Create a notebook and attach it to a compute resource. Then run the following code to set up a schema and volume for this tutorial.
Python
# Set parameters and reset demo environment
catalog = "<catalog>"
username = spark.sql("SELECT regexp_replace(session_user(), '[^a-zA-Z0-9]', '_')").first()[0]
schema = f"copyinto_{username}_db"
volume = "copy_into_source"
source = f"/Volumes/{catalog}/{schema}/{volume}"

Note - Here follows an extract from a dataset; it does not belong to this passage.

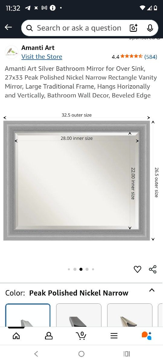 Open Box .Amanti Art Silver Bathroom Mirror for Over Sink, 27x33 Peak Polished Nickel Narrow Rectangle Vanity Mirror,$154 Retail

spark.sql(f"SET c.catalog={catalog}")
spark.sql(f"SET c.schema={schema}")
spark.sql(f"SET c.volume={volume}")
spark.sql(f"DROP SCHEMA IF EXISTS {catalog}.{schema} CASCADE")
spark.sql(f"CREATE SCHEMA {catalog}.{schema}")
spark.sql(f"CREATE VOLUME {catalog}.{schema}.{volume}")
SQL
-- Reset demo environment
DROP SCHEMA IF EXISTS <catalog>.copy_into_tutorial CASCADE;
CREATE SCHEMA <catalog>.copy_into_tutorial;
CREATE VOLUME <catalog>.copy_into_tutorial.copy_into_source;
Step 2: Write sample data to the volume as JSON
The COPY INTO command loads data from file-based sources. Read from the Wanderbricks bookings sample table and write a batch of records as JSON files to your volume, simulating data arriving from an external system.
Python
# Write a batch of Wanderbricks bookings data as JSON to the volume
bookings = spark.read.table("samples.wanderbricks.bookings")
batch_1 = bookings.orderBy("booking_id").limit(20)
batch_1.write.mode("append").json(f"{source}/bookings")
SQL
Writing files to a volume requires Python. In a real-world workflow, this data would arrive from an external system.
%python
# Write a batch of Wanderbricks bookings data as JSON to the volume
bookings = spark.read.table("samples.wanderbricks.bookings")
batch_1 = bookings.orderBy("booking_id").limit(20)
batch_1.write.mode("append").json("/Volumes/<catalog>/copy_into_tutorial/copy_into_source/bookings")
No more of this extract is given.